This code does work for me similar to johnnyr

mt_rsid.filter_rows((mt_rsid.dbSNP_rsid[‘rsid’] == [(“RSVALUE#1”)])|(mt_rsid.dbSNP_rsid[‘rsid’] == [(“RSVALUE#2”)])).show(n_cols=5)

Hmm. Definitely a bad error message. We will fix that.

The issue is that you’re asking if snpIds (a list/array of strings) contains a list of rsids. Maybe you’re looking for

len(hl.set(snpIds).intersection(hl.set(mt_rsid....))) != 0

That asks if the intersection is non-zero, i.e. the sets have shared elements.

I’ll also say that this operation is probably very slow because Hail doesn’t index by rsid, it indexes by locus and alleles, by default.

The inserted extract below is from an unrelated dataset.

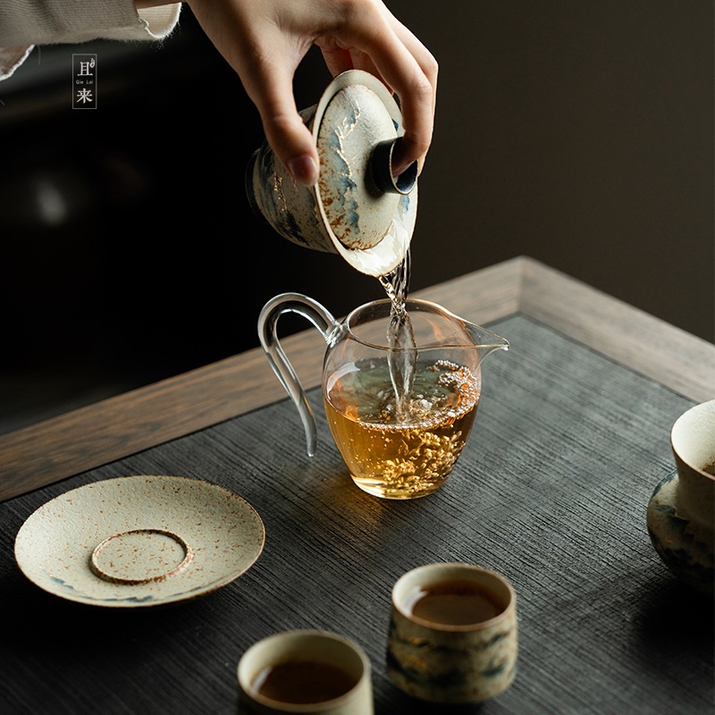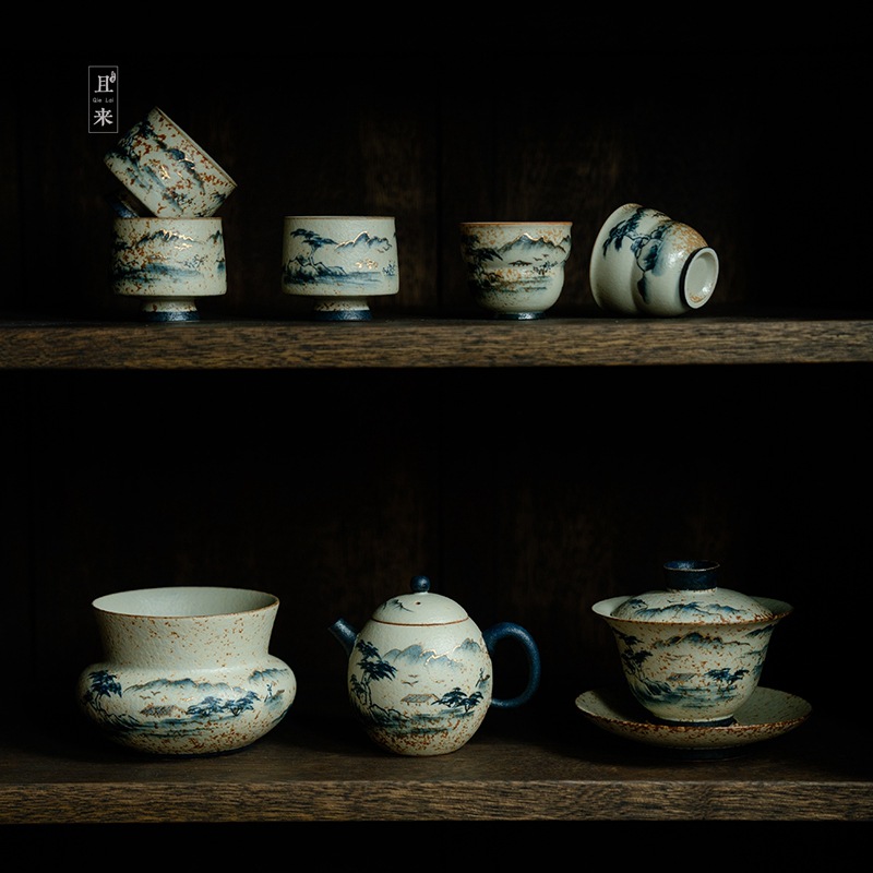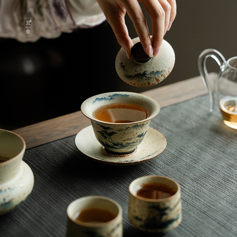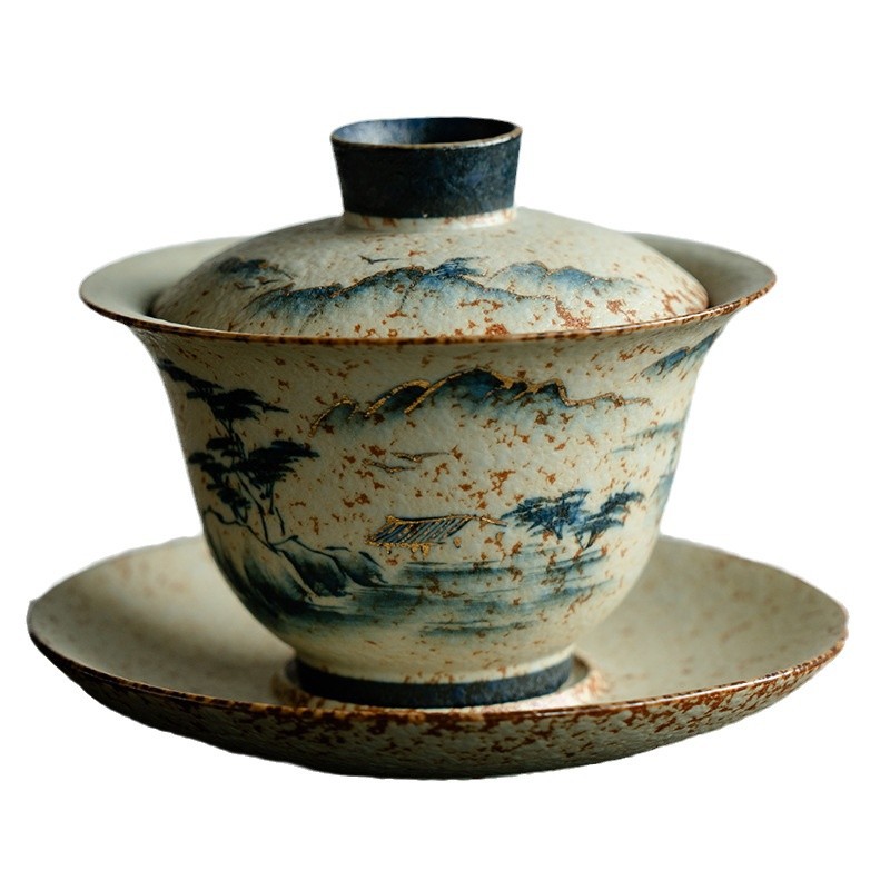 山水三才盖碗茶杯家用泡茶器古风带盖陶瓷茶碗
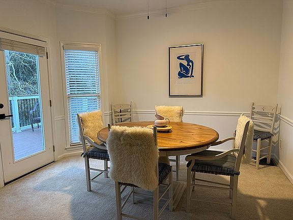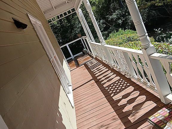 From both the entry hallway and the kitchen, you enter the living spaces on the back of the home. On the left is a spacious living area with cozy fireplace and on the right is a large dining area. Nice, newly cleaned carpet and huge windows across the back complete these areas. Dining and living are open concept, and they oversee and open onto the back side of the wrap around porch. The deck area is big enough to entertain, have a potted garden or just enjoy the quiet, privacy. It also includes an additional exterior storage closet.

Can you share your whole Hail script? You probably want to convert your snpIds list to a locus and alleles list and then use that to filter_rows.

Sure! Here is what I got. I utilized the annotation database to get the rsid values.

db = hl.experimental.DB(region='us', cloud='gcp')
mt = db.annotate_rows_db(mt, 'dbSNP_rsid')

keys = ['locus','alleles','rsid','dbSNP_rsid']
mt_rsid = mt.key_rows_by(*keys)

def create_dbSNP_rsid_filter(rsid_list) :
    rsfilter = [   ]
    for ID in rsid_list:
        rsfilter.append("""(mt_rsid.dbSNP_rsid['rsid'] == [("{}")])""".format(ID))
    rsfilter = '|'.join(rsfilter)
    
    return '(' + rsfilter + ')'

pc_mt_rsids = mt_rsid.filter_rows(eval(create_dbSNP_rsid_filter(snpIds)))

This was my workaround. Pretty much just expanded on what johnnyr did.

Yeah, unfortunately the dbSNP_rsid table is keyed by locus and alleles as is (I assume) your MT. That means it is fast to filter to locus and alleles and expensive to filter by anything else. We have some technology in the works to secondarily index tables so you can quickly filter on non-key columns. Even if that existed, we’d need to automatically detect that you’re filtering against a small enough number of RSIDs that we should use something called a “broadcast join” to do this much faster.

In general, Hail will be dramatically faster if you use locus & alleles to filter variants. We should really create a function to convert back and forth between these quickly. I’ll add it to the (ever growing) list.


Aside, you don’t need to use key_by or eval:

db = hl.experimental.DB(region='us', cloud='gcp')
mt = db.annotate_rows_db(mt, 'dbSNP_rsid')
mt = mt.filter_rows(hl.any(*[
    mt.dbSNP_rsid.rsid == snpid
    for snpid in snpIds
]))
1 Like